Some consideration must be given to what is already appearing in search results for these queries. For rising search topics, there may not be a great deal of depth in search results (providing an opportunity). Otherwise, an enterprising site may have already been identified as an authority source on the subject by offering a good content page that has quality and expertise.
Don’t neglect ‘breakout’ topics: although Google may not have an established volume for these terms (and remember, 15% of queries it sees every day are new) they represent a good opportunity to get ahead of a trend and start occupying the search space for a relevant topic.
Check keyword seed lists
There are lots of keyword tools that generate scores of keyword suggestions based on these appearing…at some time…on a related search in Google. Most will be sorted based on estimated volume, which for non-paid interfaces relies on highly abstracted figures provided by Google (or for some tools, their in-house benchmark).
Running these through Google Trends and filtering by category or region, can help illustrate seasonal periods of interest for terms that may not have initially been considered, and further trigger avenues of content creation using the related ‘rising’ and ‘top’ terms.
Compare and contrast
It’s tempting to take the first view at face-value, but this can often be misleading. Instead, check different views of the same topic to ensure you’ve got the right context and understanding.

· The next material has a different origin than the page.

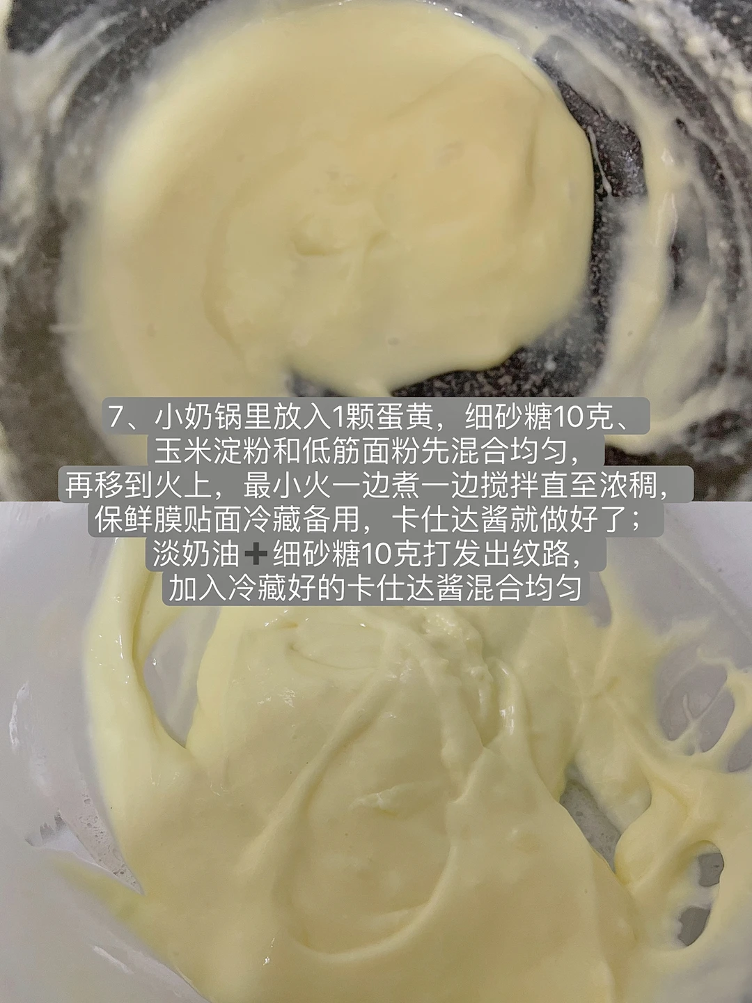 8⃣️小奶锅里放入1颗蛋黄,细砂糖10克、玉米淀粉和低筋面粉先混合均匀,再移到火上,最小火一边煮一边搅拌直至浓稠,保鲜膜贴面冷藏备用,卡仕达酱就做好了;淡奶油➕细砂糖10克打发出纹路,加入冷藏好的卡仕达酱混合均匀,卡仕达奶油酱装在裱花袋里,把酱挤进蛋糕胚里就完成了

For example, a 7-day view of a topic may look incredibly popular, but taken over a longer period, show a downward trend or the characteristic ‘blip’ of a fad. It’s worth playing around with filters to find out what is a universally popular trend, and what simply shows popularity in certain channels, areas or dates.
Context
Trends is hugely sensitive to events in the world (news content especially). Use the ‘news’ filter in Google Search to find the context around sudden spikes in popularity. This can inform further strategies about timing content and statements for known or expected events (such as legislative changes).
Summary
Google Trends is an interesting tool that has its own method of determining data, which is generally vague to people outside Google. It is, however, one of the few tools that can analyse search intent from a historic perspective (Google uses its data to create its ‘Year in Search’ roundups) to an almost real-time level, where you can see the impact of a national advertising campaign or the ‘halo’ effect of awareness on a topic.
Trend topics are heavily driven by current events and social media influence. If these are important channels that affect your audience and supporters, then Trends can allow you to navigate the shifts and topics that emerge in discourse on the web.